PloS one2020; 15(12); e0244064; doi: 10.1371/journal.pone.0244064

Genetic consistency between gait analysis by accelerometry and evaluation scores at breeding shows for the selection of jumping competition horses.

Abstract: The aim was to assess the efficiency of gaits characteristics in improving jumping performance of sport horses and confront accelerometers and judge scores for this purpose. A sample of 1,477 young jumping horses were measured using accelerometers for walk, trot, and canter. Of these, 702 were genotyped with 541,175 SNPs after quality control. Dataset of 26,914 horses scored by judges in breeding shows for gaits and dataset of 142,682 horses that performed in jumping competitions were used. Analysis of accelerometric data defined three principal components from 64% to 89% of variability explained for each gait.

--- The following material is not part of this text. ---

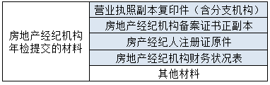 本题可从“提交的材料”入手。房地产经纪机构年检除填写年检申报表外,还需提供下列材料: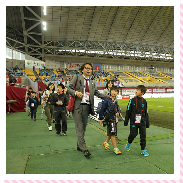 今回のイベントは、多数の応募の中から、見事当選した16組の親子が参加。関係者用の専用パスが手渡され、関係者入口からいざ会場へ!普段は入れない通路を通り、子どもたちも緊張の面持ちです。

Animal mixed models were used to estimate genetic parameters with the inclusion to up 308,105 ancestors for the relationship matrix. Fixed effects for the accelerometric variables included velocity, gender, age, and event. A GWAS was performed on residuals with the fixed effect of each SNP. The GWAS did not reveal other QTLs for gait traits than the one related to the height at withers. The accelerometric principal components were highly heritable for the one linked to stride frequency and dorsoventral displacement at trot (0.53) and canter (0.41) and moderately for the one linked to longitudinal activities (0.33 for trot, 0.19 for canter). Low heritabilities were found for the walk traits. The genetic correlations of the accelerometric principal components with the jumping competition were essentially nil, except for a negative correlation with longitudinal activity at canter (-0.19). The genetic correlation between the judges' scores and the jumping competition reached 0.45 for canter (0.31 for trot and 0.17 for walk). But these correlations turned negative when the scores were corrected for the known parental breeding value for competition at the time of the judging. In conclusion, gait traits were not helpful to select for jumping performances. Different gaits may be suitable for a good jumping horse.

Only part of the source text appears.